Monday, July 23, 2012

Don't believe a word I say

I mentioned last week that I was working on a project, the tasks for which included reaching out to various co-workers with whom I generally have minimal-to-zero contact. All of that actually went fine, and no one gave me any grief or blew me off; leading off with “the boss asked me to follow up on this” worked wonders in terms of getting people on board.

The project itself involved finalizing a list of documents our agency would theoretically share with other agencies, with my primary responsibility entailing building an online version of this list, but I had to reach out to others about the appropriateness of including certain documents, mostly along the lines of “This document seems really old. Do we have anything more recent, or do we go with the guidelines from the previous millennium?” (A dozen years into this century and that bit still hasn’t gotten old.) Truly thrilling stuff, determining if various governmental statements have or have not been updated or superseded at any point, and I was happy to leave those determinations in other folks’ hands.
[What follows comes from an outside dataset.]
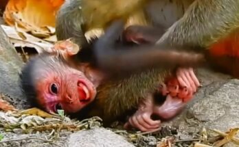 Under the quiet shade of a tall tree, a tiny newborn monkey lay curled against its mother’s thin chest. Its eyes were half-closed, heavy with exhaustion, yet its small hands …
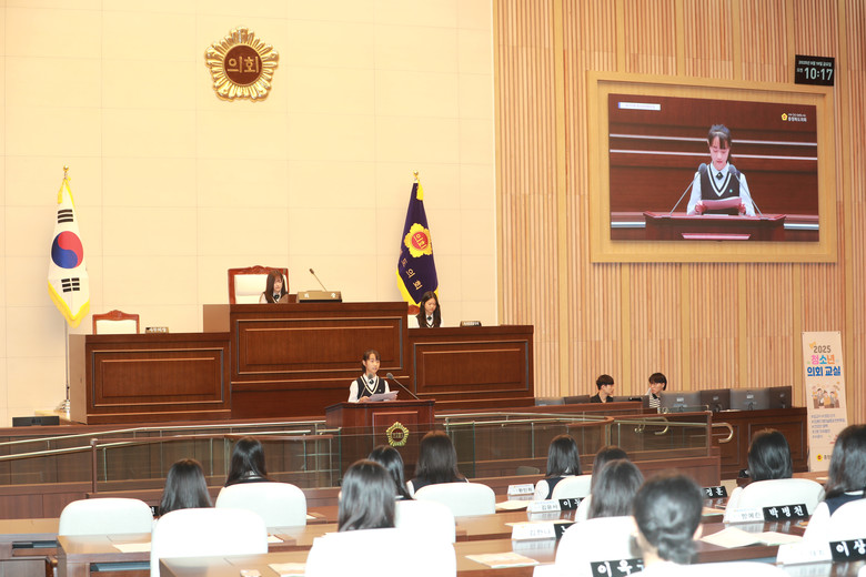 청소년 의회교실은 학생들이 1일 도의원이 되어 의장 선거, 안건처리, 2분 자유발언 등 의정활동을 본회의장에서 직접 체험하는 프로그램이다.

One specific co-worker of mine was the go-to person for one particular document, which left me shaking my head after the fact. I can’t readily recall if I have mentioned this woman before, I think maybe I have? She started here after we moved from Rosslyn to Crystal City, and however competent she is in her professional role she’s just kind of clueless at every point beyond those duties. She’s not mean-spirited at all, but she manages to come across as rude sometimes simply due to her own solipsistic obliviousness. She’s the kind of person who assumes by default that if she hasn’t heard of something, it’s hyper-obscure and no one else will have heard of it either; otherwise, surely she would have been informed that she needed to know about it! That type.

Anyway, she also has a pretty limited sense of humor. She makes jokes, and she laughs at other people’s jokes, but often the jokes she makes are only funny to her and the jokes she laughs at have to be awfully broad, the kind of lame quips that when a person makes them everyone rolls their eyes, and if somebody actually finds them kneeslappingly funny it makes the joke retroactively excruciating. On the other hand she can make legitimately funny jokes excruciating as well, if her frame of reference can’t make sense of them and they have to be explained to her (and make no mistake she will insist upon an explanation).

So. I asked her, via e-mail, if a certain document from 1992 was still valid. She came over to my desk to tell me that yes, in fact, it was still valid because no revision had come along since then. Although of course she couldn’t imagine why no one had revised it in all that time. The very first thing that popped into my head, and which subsequently fell out of my mouth, was “Well, maybe it’s scheduled to be revised every twenty-one years.” Because, HA-HA, what a random arbitrary schedule that would be! Indeed, how droll the very thought! And yet, I swear, as soon as I said it my co-worker very earnestly responded, “Oh, do you think so? Why would they have it every twenty-one …” and I had to, for mercy’s sake, cut her off and say no, no, just kidding, just a joke.

I mean, truth can be stranger than both fiction and humor in the involuted world of government bureaucracy, but seriously? It’s enough to make me question the value of going through life with one eye always on the lookout for opportunities to yank people’s chains. Some rubes just take all the fun out of it.